Fixing issues with TOS has been the job of most of the subsequent series. Why does the series that had established nothing solidly and broke it's own continuity so long ago and so much get such praise?
 
Fixing issues with TOS has been the job of most of the subsequent series. Why does the series that had established nothing solidly and broke it's own continuity so long ago and so much get such praise?
Because it was the best series out of the bunch.

And "established nothing solidly"? Seriously? Geez, it only established Kirk, Spock, McCoy, Scotty, Sulu, Uhura, Chekov, the Enterprise, Starfleet, the Federation, the Prime Directive, Vulcans, Klingons, Romulans, warp drive, phasers, photon torpedoes, and all the other stuff that the subsequent shows have been building on for half a century.
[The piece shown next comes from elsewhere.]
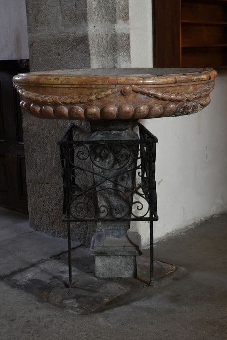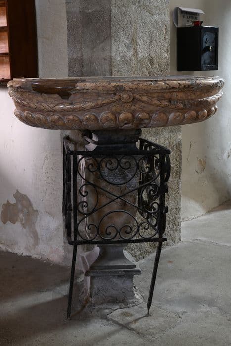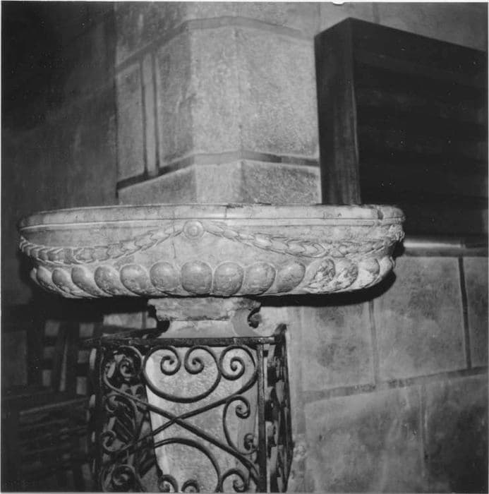La cuve du bénitier est sculptée de godrons et d'une guirlande.

So what if they didn't assign specific years to stuff?

It's not the job of the subsequent series to "fix issues with TOS." It's their job to make good TV shows. That's all.
 
Fixing issues with TOS has been the job of most of the subsequent series. Why does the series that had established nothing solidly and broke it's own continuity so long ago and so much get such praise?
Because four other TV shows and eleven movies have held it up more often than not. Even on things like "Klingons always had head bumps" DS9 and Enterprise came along and said "No they didn't! It was just like TOS!"

This wasn't a case of nailing down 23rd or 29th century, or changing Khan from being selectively bred to genetically engineered. This was something that TOS and even early TNG was unquestionably consistent with.

The more I think about it the more I'm astonished that Roddenberry actually took an idea that was established somewhere else and not by him.
 
Exactly. He came up with all this new-agey utopian baloney years after the fact of TOS, when it never had anything to do with Star Trek in the first place. So in later productions, he tried to shoehorn that stuff in as his "vision" for Trek.

Kor
So he probably came up with the "no money" rule and the idea of contract marriages at the same time.
 
Methods of compensation to other species outside of the Federation does not mean they possess any internal financial systems of their own.